As far as I know, all or virtually all of these wondrous objects were conceived, if not necessarily cast, in the artist's native Spain --  to which he had withdrawn more or less permanently with the coming of World War II. 

And to judge from the handsome photographic murals with which the gallery's walls are decorated, these geneses would have occurred either at the artist's family estate in Mont-roig, outside Barcelona, or in his studio in Palma de Mallorca, in the Balearic Islands.

The sculptures are all sand and/or lost wax castings, which might be of historic interest but leading to ordinary-enough images in the hands of a less manic artist. 

In Miró's case, however, the raw materials are definitely different. Sometimes, the sculpture reveals part of its origin to be just an interestingly-shaped rock – but even in such cases, what's been added comes from a surrealist's bag of tricks, or found objects. 

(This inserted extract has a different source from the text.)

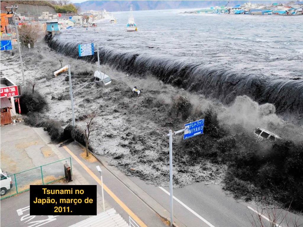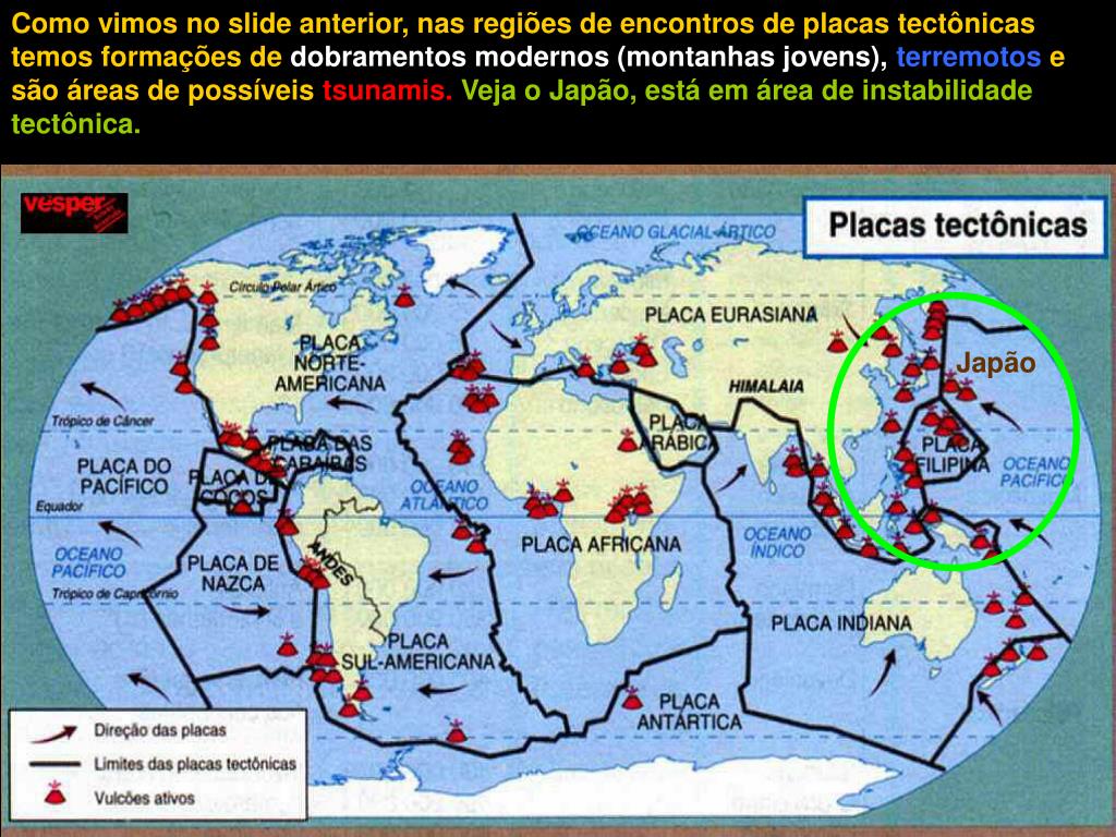 Como vimos no slide anterior, nas regiões de encontros de placas tectônicas temos formações de dobramentos modernos (montanhas jovens),terremotos e são áreas de possíveis tsunamis. Veja o Japão, está em área de instabilidade tectônica. Japão

Sometimes the bag of tricks is left to function on its own.  There are sculptures made from bits of artfully-shaped clay, scraps of metal and/or wire, an orange crate (with an upright egg on top of it), a ceramic head on top of a vertical column, a baby's high chair, the business end of a garden rake, and assorted shoes (plus old-fashioned shoe trees).

If all this sounds like junk, never fear: the way these artifacts are put together means that every object takes on a human dimension.  If it's not just a head, it's a woman of some sort, or a "personnage" – all with or without a bird.

Are these "personnages" male or female?  Well, the surrealists were all into Freud.  In those days, Freud was popularly supposed to be all about sex, which made for a delightful sense of scandal.  Miró had his own little symbols for the male and the female (just as Giacometti did).  The male was marked by little protuberance down there, and the female by a little hole – or sometimes quite a large hole.  And in this show, the holes are nearly universal. 

In "Personnage et Oiseau," for example, the bird is perched, like a little airplane, on the oblong head of the personnage and the big wodge of clay on the bottom of the composition is her body.